そこで、実際に防災無線を「廃止」した北広島町をうかがうことになったわけです。
北広島町が防災無線を廃止した背景としては、法令によってR4年でアナログ周波数の使用が終了となったこと(館山市はすでにデジタル化済み)、老朽化した機器の部品調達ができずに修理が困難となったことにあったそうです。
総務省消防庁からも町に有効なシステムの考え方に助言をしてもらって検討を進めてきました。ちなみに総務省は基本的に防災無線は「設置すべし」なので、廃止を勧めたりはしません。
ただし、「屋外拡声器は、大雨の際には聞こえにくいため、戸別受信機のように確実に情報が届く方法が必要である」としています。
そこで、整備したのが以下の手段。
・ケーブルテレビ経由の音声告知放送
・行政情報アプリ
・ホームページ
・広報誌
・公式LINE
お聞きして同町に特徴的なのは、H19年以降に全町的にケーブルテレビ事業に取り組んでおり、R2.3年で光ファイバー網が整備され、全世帯中76%に戸別受信機が整備されていることです。
ケーブルテレビ事業は「きたひろネット」と呼ばれ、テレビ放送・ラジオ放送・音声お知らせサービス・インターネットサービス・加入者間無料通話のIP電話サービスがセットになっています。
この当時から防災無線廃止は念頭に置いており、導入費用や運用費用を抑えて、将来負担がかからないシステムづくりを検討してきました。
また同町には働く外国人も多く住んでおり、多言語での情報発信も問われてきました。
そして訪れたのが、防災無線のアナログ周波数終了の通知。これを機に、アプリ開発を進め、公式LINEを開始。防災無線の情報提供は、戸別受信機への発信に置き換えることとし、防災無線の廃止を決めました。
きたひろネットは、R4年に「ちゅぴCOM」に譲渡され、現在は民間が運営しています。
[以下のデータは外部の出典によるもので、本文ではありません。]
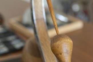 Uzun zamandır sakladığım ve bir tasarımda değerlendirmeyi istediğim “öreke” yi aydınlatmanın hareketli aksamında kullandım. Öreke, eskiden köylerde elde yün eğirmekte kullanılan bir alettir.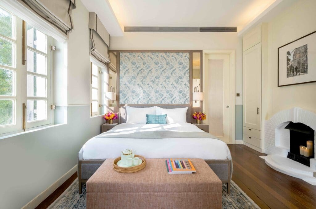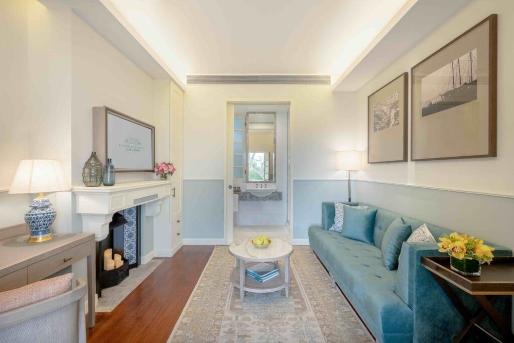 Mais plus encore, l’architecte de l’administration s’attacha à conserver l’atmosphère cosy qu’appréciaient les officiers en poste, notamment dans les chambres avec leurs « vraies » cheminées à feu de bois à l’anglaise, leur tissu style cottage, leurs salles de bains à l’identique, avec leurs lavabos en grosse faïence. À l’entrée des neuf chambres, un cartouche discret rappelle leur usage. Une chance, dormir dans la 2111, dite Sea Tiger, nom d’un mont face à l’hôtel qui, de poste d’observation pour les officiers de garde grâce à sa situation dévoilant à 300 degrés la mer devint, en 1950, le mess des officiers en poste ou de passage, pour se relaxer, prendre un cherry, un whisky, un high tea. Comme sur la mère patrie. 100 % British.
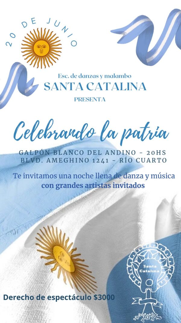 La Escuela de Danza y Malambo Santa Catalina, presenta el espectáculo Celebrando la patria con la participación de artistas invitados.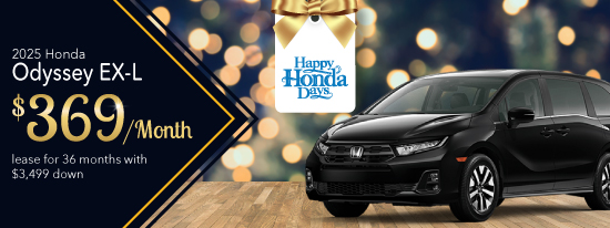 2025 Honda Odyssey EX-L – Stk #56H6308. MSRP $43,315. Model RL6H6SJNW. $3499, 1st payment, $595 acquisition fee, taxes, & DMV fees due at signing, 10k mi/yr. $.15 overage. To qualified buyers thru AHFC. Lessee responsible for maintenance, excess wear/tear and up to $.20/mi. over 10k mi/yr. Not all customers will qualify. See dealer for details. Expiration 1/2/25.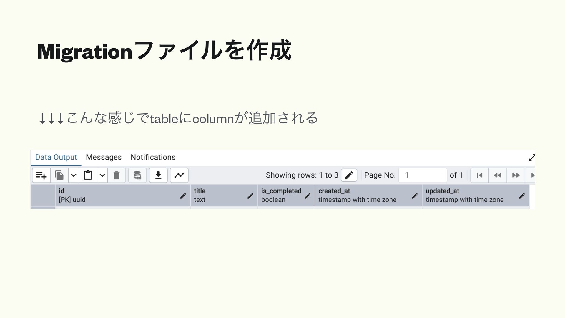 MigrationϑΝΠϧΛ࡞ ↓↓↓͜Μͳײ͡Ͱtableʹcolumn͕Ճ͞ΕΔ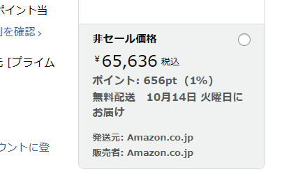 この価格逆転現象、部分的には512GBモデルが現在プライム感謝セールの対象という点で、ブルーとブラックに関してはセール対象外、つまりプライム会員以外の場合、価格は65,636円となります。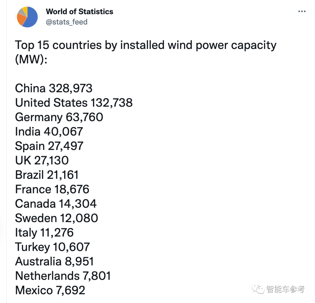 5月30日,推特用户公布了风电装机容量排名前15位的国家,中国以328,973兆瓦排在第一位,是排在第二位的美国的两倍多。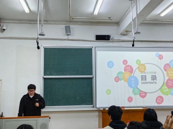 大赛分为成长赛道与就业赛道,为不同年级的学生搭建针对性的赛事平台,参赛选手逐一上台展示了自己的职业生涯规划方案,评委针对参赛选手的展示进行评价。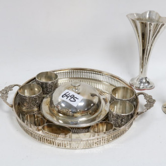 Tablett mit Porz.- Serviettenringen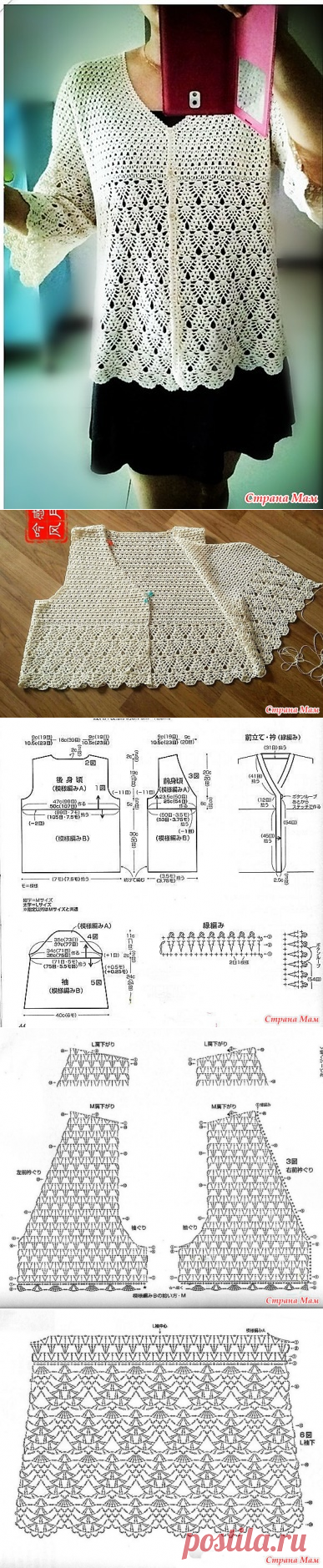 Ажурный жакет с узором ананас. Крючок. - ВЯЗАНАЯ МОДА+ ДЛЯ НЕМОДЕЛЬНЫХ ДАМ - Страна Мам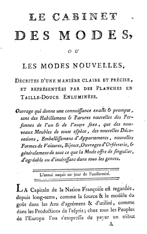 LE CABINET DES MODES, OU LES MODES NOUVELLES, DÉCRITES

年度当初に4地域を巡回する行政区長会を設けており、第3四半期には同じく4地域を回り、広く一般町民を対象に「まちづくり懇談会」を開催している同町。(まずこの巡回が素晴らしいです)
この中で、防災無線の廃止に伴う変化を丁寧に進めてきたといいます。
廃止後に、大きなトラブルはありません。一番大きな声は、「チャイムがなくなって寂しい」ということ。確かに、防災無線がなくなると館山も昼や17時のチャイムがなくなってしまいますね。
さて、同町の防災無線廃止を本市の参考にするためにどう捉えればよいのか。ケーブルテレビ事業など経過が異なるので、一概に比較が難しいところです。
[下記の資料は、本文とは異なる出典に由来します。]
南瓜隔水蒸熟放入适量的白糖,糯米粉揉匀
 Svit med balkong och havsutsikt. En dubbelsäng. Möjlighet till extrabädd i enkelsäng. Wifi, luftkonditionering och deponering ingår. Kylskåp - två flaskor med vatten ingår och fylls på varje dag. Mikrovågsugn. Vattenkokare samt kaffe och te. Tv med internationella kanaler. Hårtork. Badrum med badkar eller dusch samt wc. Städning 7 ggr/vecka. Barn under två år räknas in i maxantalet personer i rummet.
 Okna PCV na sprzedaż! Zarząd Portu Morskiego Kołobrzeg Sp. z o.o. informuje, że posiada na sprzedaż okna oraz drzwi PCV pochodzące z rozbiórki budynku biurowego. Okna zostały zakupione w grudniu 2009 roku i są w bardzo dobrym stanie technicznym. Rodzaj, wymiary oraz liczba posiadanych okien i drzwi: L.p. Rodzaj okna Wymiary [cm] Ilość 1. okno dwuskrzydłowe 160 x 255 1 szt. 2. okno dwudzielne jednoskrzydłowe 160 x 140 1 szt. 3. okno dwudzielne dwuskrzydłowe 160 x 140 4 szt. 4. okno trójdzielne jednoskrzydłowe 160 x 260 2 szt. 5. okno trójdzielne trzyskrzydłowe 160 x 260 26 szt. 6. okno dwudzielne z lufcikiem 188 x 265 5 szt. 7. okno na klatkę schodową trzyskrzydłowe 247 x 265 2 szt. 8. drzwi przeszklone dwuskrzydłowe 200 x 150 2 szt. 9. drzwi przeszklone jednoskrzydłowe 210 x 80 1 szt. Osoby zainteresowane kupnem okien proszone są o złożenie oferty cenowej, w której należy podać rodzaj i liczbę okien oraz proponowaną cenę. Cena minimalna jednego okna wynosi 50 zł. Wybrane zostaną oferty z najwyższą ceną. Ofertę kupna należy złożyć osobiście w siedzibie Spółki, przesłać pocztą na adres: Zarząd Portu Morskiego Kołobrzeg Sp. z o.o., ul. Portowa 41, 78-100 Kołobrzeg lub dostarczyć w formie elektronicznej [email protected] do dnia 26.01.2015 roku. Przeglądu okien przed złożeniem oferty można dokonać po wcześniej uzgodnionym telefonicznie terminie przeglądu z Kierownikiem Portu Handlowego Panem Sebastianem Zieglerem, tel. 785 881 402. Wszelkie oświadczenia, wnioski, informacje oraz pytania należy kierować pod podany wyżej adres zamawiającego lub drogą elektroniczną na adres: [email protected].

ただ、回線の維持に各家庭、最低2000円かかりますので(ネットいれるとさらに上乗せ)、住民が防災無線とは異なる形で費用負担している仕組みといえるかと思います。
この点が重要なのですが、館山市でも防災無線の更新は、市民にとって無償ではありません。総額10億円の費用は、税金、しかも国や県ではなく市の一般財源で支払われます。
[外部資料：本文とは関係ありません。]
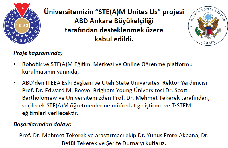 Üniversitemizin “STE(A)M Unites Us” Projesi ABD Ankara Büyükelçiliği Tarafından Desteklenmek Üzere Kabul Edildi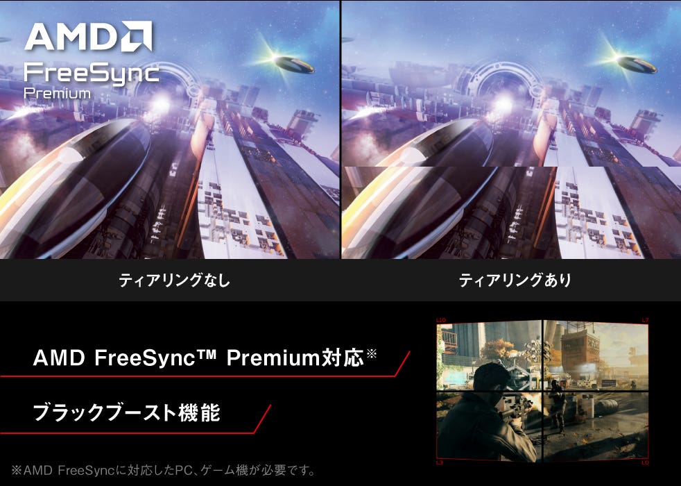GPUとディスプレイによる描写のティアリング(カクつき)を軽減するAMD FreeSync™ Premium対応*で、高速プレイもお任せ!さらにブラックブースト機能で黒の強弱を調節して暗がりの視認性を高めます。普段なら見つけにくい、暗がりにいる敵もいち早く狙撃可能!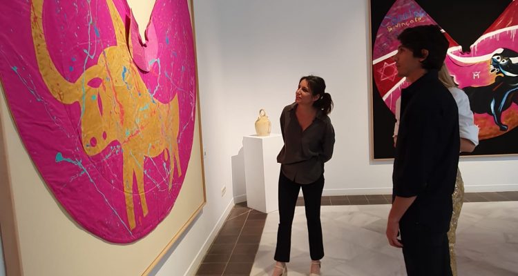 La delegada de Cultura, Turismo y Deporte, Andrea Levy, ha visitado este mediodía la exposición Monólogo, del torero francés Sebastián Castella, en Casa de Vacas, junto al autor de las obras. En esta muestra, que puede verse hasta el 29 de mayo en este espacio cultural del parque de El Retiro, el visitante podrá disfrutar de una colección muy personal formada por un total de 25 obras entre esculturas y pinturas en acrílico sobre lienzo y, en su parte más original, también sobre capotes de brega, realizadas por el propio Castella tras su retirada de los ruedos hace dos años.

ということは、当然、防災無線は市民がみんなで費用負担しているということです。
アプリの開発は、その他のシステムを含む経費として660万円で、年間178万円のランニングコストがかかっています。
ただダウンロード数は2800と伸び悩んでおり、公式LINEの5570人が上回っています。やはりどの方も、普段使っているツールで情報を受け取りたいのでしょう。
こうしたツールはスマホの所有が前提となるので、スマホをもっていない方、何らかの理由で使えない方には個々に対応が必要となります。
今後の財政を踏まえた効果の高い防災を考えるとき、スマホの経費と防災無線の更新費との比較も重要な参考指標となるのではないでしょうか。皆さんはどう思いますか?
北広島町危機管理課の皆様、ご多用の中、視察の対応誠にありがとうございました!